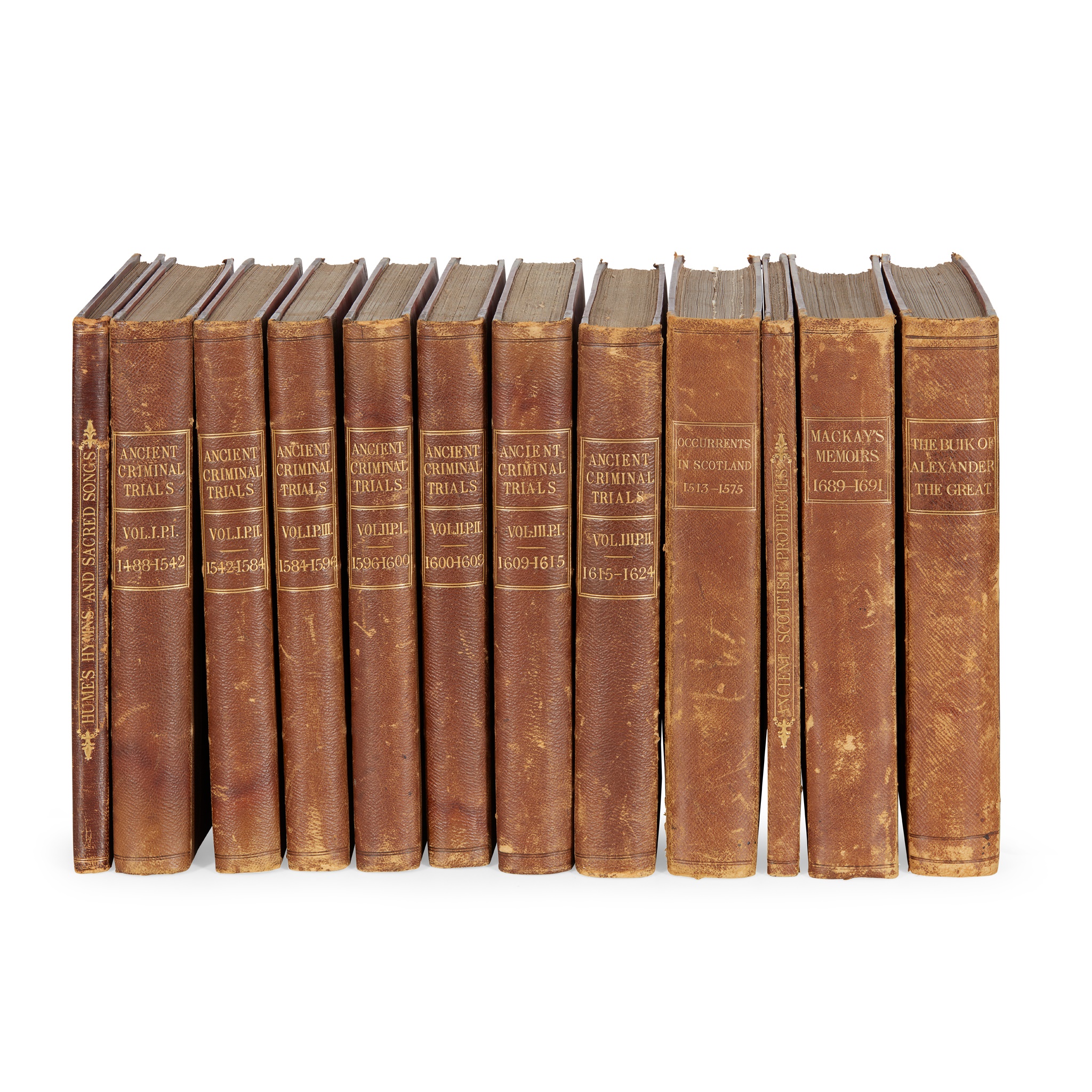 42) Ancient Criminal Trials in Scotland; compiled from the Original Records and MSS., with Historical Illustrations, etc. By Robert Pitcairn, 1833. 3 volumes in 7, one of 100 sets 'printed off on Club paper [and] purchased for the use of members. A few extra copies on Club paper were also printed, to supply members admitted to the Club after the time of publication' (Laing); the work was also published for general sale;
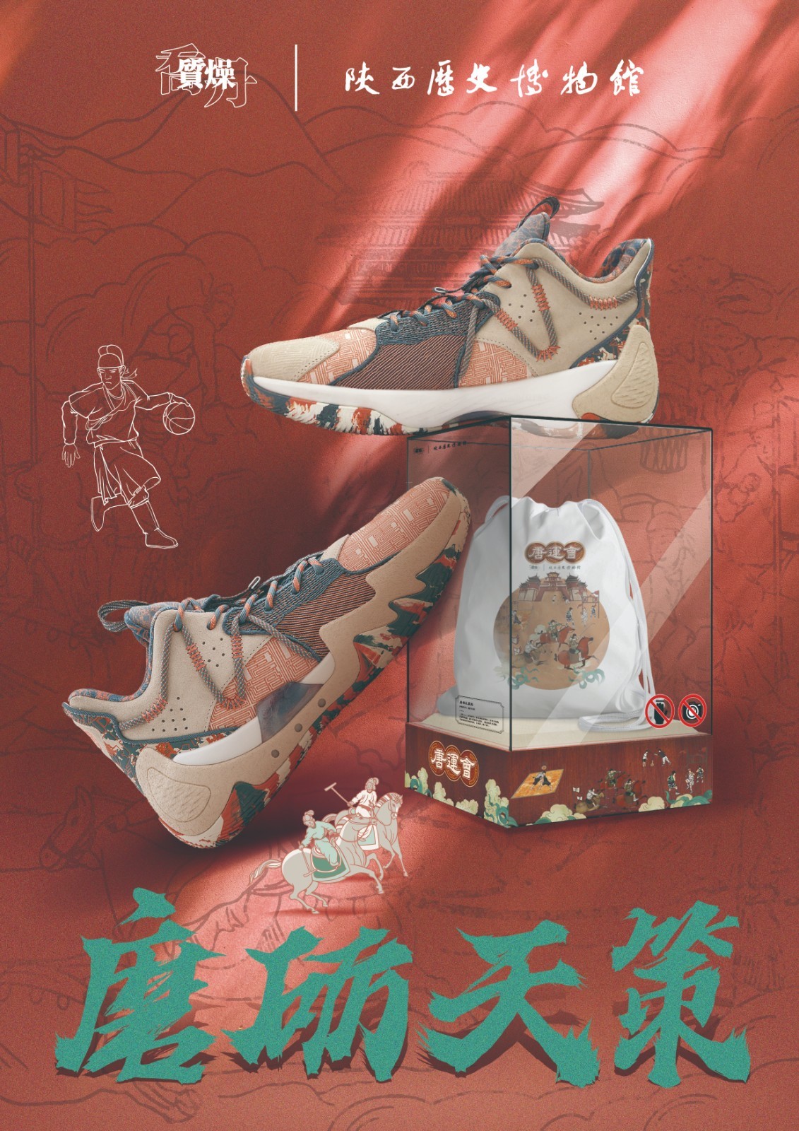 乔丹质燥潮流产品能与西安厚重的历史质感相配而不“怯场”,得益于其背后的历史底蕴:继国漫「大闹天宫」和「哪吒闹海」之后,乔丹质燥再与经典历史IP「陕西历史博物馆」联名合作,双方将进行一场跨越千年的对话,用唐朝文化为现代潮流赋能,用现代潮流语言讲述盛唐文化故事,“磨砺天策”篮球鞋则是双方本次合作推出的首发联名系列产品之一。
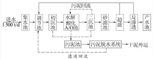 設(shè)計(jì)處理規(guī)模1500m3/d,回用水量800m3/d,回用率50%以上。
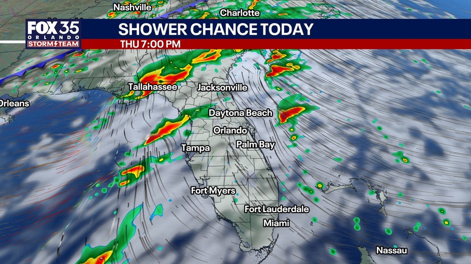 ORLANDO, Fla. - Variably cloudy skies with scattered showers, especially this afternoon and evening. South wind 8-15 mph. High 80°.
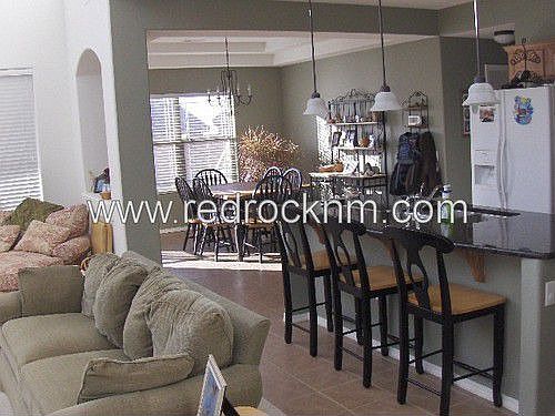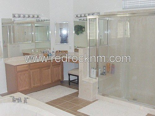 Beautiful home in hillside community close to Star Center, HP, CNM Rio Rancho and UNM Sandoval HospitalGreat room with high ceilings and fireplaceLarge eat-in kitchenGranite countertopsKitchen island with sink and dishwasherSeparate dining roomDownstairs large master bedroom and master bath with separate tub and shower and built in vanity3 BR + 2 BTH + Loft upstairsUpstairs balcony3 car garage

·····

(Assignment): Quote everything in the listing above exactly; pictures are the only thing to omit.

(Written response):
 42) Ancient Criminal Trials in Scotland; compiled from the Original Records and MSS., with Historical Illustrations, etc. By Robert Pitcairn, 1833. 3 volumes in 7, one of 100 sets 'printed off on Club paper [and] purchased for the use of members. A few extra copies on Club paper were also printed, to supply members admitted to the Club after the time of publication' (Laing); the work was also published for general sale;
 乔丹质燥潮流产品能与西安厚重的历史质感相配而不“怯场”,得益于其背后的历史底蕴:继国漫「大闹天宫」和「哪吒闹海」之后,乔丹质燥再与经典历史IP「陕西历史博物馆」联名合作,双方将进行一场跨越千年的对话,用唐朝文化为现代潮流赋能,用现代潮流语言讲述盛唐文化故事,“磨砺天策”篮球鞋则是双方本次合作推出的首发联名系列产品之一。
 設(shè)計(jì)處理規(guī)模1500m3/d,回用水量800m3/d,回用率50%以上。
 ORLANDO, Fla. - Variably cloudy skies with scattered showers, especially this afternoon and evening. South wind 8-15 mph. High 80°.
 Beautiful home in hillside community close to Star Center, HP, CNM Rio Rancho and UNM Sandoval HospitalGreat room with high ceilings and fireplaceLarge eat-in kitchenGranite countertopsKitchen island with sink and dishwasherSeparate dining roomDownstairs large master bedroom and master bath with separate tub and shower and built in vanity3 BR + 2 BTH + Loft upstairsUpstairs balcony3 car garage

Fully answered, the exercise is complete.